Apollo Global Management Inc. Chief Executive Officer Marc Rowan took a “victory lap” on the firm’s record year, laying out goals to double its private credit origination business and put that asset class into retirement accounts.
The firm posted record annual earnings, beating Wall Street estimates as higher interest rates powered growth at the credit-focused alternative-asset manager. Originating private credit assets to sell to its Athene annuities business, other insurance companies and individual investors is crucial for the firm’s growth, Rowan said.
Apollo aims to raise its annual origination of private credit to $200 billion to $250 billion in five years, up from about $100 billion, he said on a conference call Thursday.
“We can only grow as fast as we scale our capacity to create investments that in fact offer our clients excess return per unit of risk,” Rowan said.
Apollo owns 16 platforms that create private credit investments and many have room to double their business — including MidCap Financial and Atlas SP, he said.
The firm took in $8 billion during the year in its wealth business, including $1.5 billion to its equity-like Apollo Aligned Alternatives fund that invests across Apollo strategies.
Risk Mentality
The firm is starting to see openings to put its wealth products into 401(k) accounts, Rowan indicated.
“The 401(k) market is not limited by legal restriction,” he said. “It’s limited by a risk mentality.”
Shares of Apollo rose 1.4% to a record high of $107.41, extending their gain this year to 15%.
Apollo generated more net income in 2023 than it did over the previous decade as investors poured money into private credit amid higher interest rates and volatile public markets, including slower leveraged-loan and high-yield markets. More than 80% of the firm’s assets under management are in credit.

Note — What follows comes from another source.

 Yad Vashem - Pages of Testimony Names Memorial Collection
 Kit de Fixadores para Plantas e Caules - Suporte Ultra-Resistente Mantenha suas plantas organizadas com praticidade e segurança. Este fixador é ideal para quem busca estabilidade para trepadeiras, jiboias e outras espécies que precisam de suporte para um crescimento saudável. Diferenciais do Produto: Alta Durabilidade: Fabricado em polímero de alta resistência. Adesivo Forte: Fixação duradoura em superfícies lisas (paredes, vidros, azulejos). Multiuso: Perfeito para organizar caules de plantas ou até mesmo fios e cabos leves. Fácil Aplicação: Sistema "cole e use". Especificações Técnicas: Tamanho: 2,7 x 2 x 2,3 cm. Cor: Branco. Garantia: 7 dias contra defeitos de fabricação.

Adjusted net income in the fourth quarter surged 31% to $1.18 billion, or $1.91 a share, the New York-based company said Thursday in a statement. That topped the $1.72 average estimate of analysts surveyed by Bloomberg.
Fee-related earnings rose 16% to $457 million as Apollo’s 10th flagship private equity fund began to invest, mitigating an 18% decline in fees earned by its capital solutions unit.

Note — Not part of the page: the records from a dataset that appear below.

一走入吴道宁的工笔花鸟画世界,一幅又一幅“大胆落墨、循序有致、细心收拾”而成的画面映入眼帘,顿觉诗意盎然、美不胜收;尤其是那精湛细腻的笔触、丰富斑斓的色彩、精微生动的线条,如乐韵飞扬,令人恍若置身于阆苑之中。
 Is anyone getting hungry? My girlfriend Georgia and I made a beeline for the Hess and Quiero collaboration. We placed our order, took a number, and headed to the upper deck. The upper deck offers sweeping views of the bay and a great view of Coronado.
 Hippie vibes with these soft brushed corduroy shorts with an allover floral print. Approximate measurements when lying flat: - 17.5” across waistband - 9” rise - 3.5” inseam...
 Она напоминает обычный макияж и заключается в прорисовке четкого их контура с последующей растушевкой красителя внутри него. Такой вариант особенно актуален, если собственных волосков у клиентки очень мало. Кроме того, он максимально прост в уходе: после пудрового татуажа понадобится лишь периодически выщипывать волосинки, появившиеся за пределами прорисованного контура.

Spread-related earnings, which reflect profitability at the firm’s Athene insurance business, climbed 7.2% to $748 million. Athene’s net investment spread, or income from investing, rose 6% to $959 million, with gains in fixed income offsetting a slide in equity investments in the Athene portfolio.
Investors should expect 15% to 20% fee-related earnings growth and “low double-digit growth” this year in spread-related earnings, Chief Financial Officer Martin Kelly said on the conference call.
PE Exits
The firm took a more muted tone than some of its peers on the prospect for private equity exits. Principal investing income from selling private equity assets will fall below the multiyear average target of $1 a share in 2024, Kelly said.

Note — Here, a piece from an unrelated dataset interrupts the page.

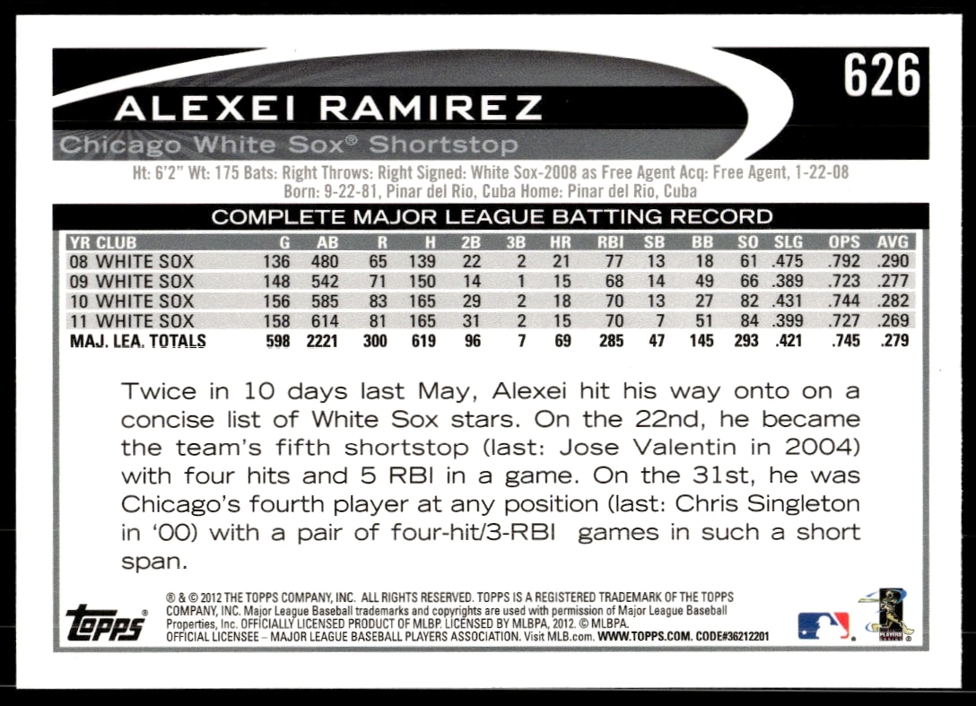 This Baseball card, from 2012 is part of the Topps card set. Alexei Ramirez is featured and has a card number of 626.
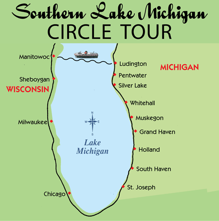 环密歇根湖游线路有很多种驾驶方式。选择从芝加哥出发北上取道密尔沃基再兜一大圈回到芝加哥是其中一个选择。但是更佳的驾驶线路是将整个环密歇根湖游分成南北两个部分。这样的选择既能节省体力又可以避免较为无聊的线路在几天内过多的重复,是一个进行环密歇根湖游的最佳方式。北密歇根湖的线路始于密歇根州的Ludington。在这里人们可以选择“快捷键”坐轮渡横跨密歇根湖直接到达对岸的Manitowoc,威斯康星。在这里人们可以欣赏到美丽的湖畔沙滩、灯塔和参加高尔夫课程。从Manitowoc出发沿着M-22向北就可以开始你的北密歇根湖之旅了。这沿线会经过威斯康星与密歇根州的大多数沿湖城市并欣赏秀丽的自然风光。最终这条北密歇根湖线路会结束在Ludington,也就是线路的起点,并完成了一个半圆的环湖游。南密歇根湖的线路同样始于威斯康星州的Manitowoc,并结束于密歇根州的Ludington。从Manitowoc出发沿着I-43公路向南首先到达密尔沃基,这是威斯康星州最大的城市,同时也闻名于它的酿酒厂。接下来顺着137公路并汇入US-41就达到了著名的风城芝加哥。芝加哥是整个环密歇根湖游线路上最大的城市,也是值得花最多时间停留的城市。在结束了芝加哥的游览后,绕过密歇根湖的南端就进入了印第安纳州和密歇根州南部。从这里开始,再经过了北印第安纳的“灰色”工业区以后又开始进入了风景优美的密歇根州游。沙滩、灯塔、森林、小镇又会成为了沿途的主要景观。这条南密歇根湖游最终会与北密歇根湖线路“会师”于密歇根州的Ludington,并画上了这个圆满的密歇根湖圆圈。

Apollo reported $83 million of principal investing income from selling assets in 2023, a 71% decline from the previous year.
The firm took in $32 billion of gross inflows during the fourth quarter, including $22 billion at Athene. Apollo expects to raise $120 billion in 2024, with $50 billion coming into asset management and $70 billion into Athene, Co-President Scott Kleinman said. The firm, which ended the year with $651 billion of assets under management, is targeting $1 trillion by 2026.
Apollo originated $30 billion of private credit assets during the quarter, with about half coming from its origination platforms such as Atlas SP.
This article was provided by Bloomberg News.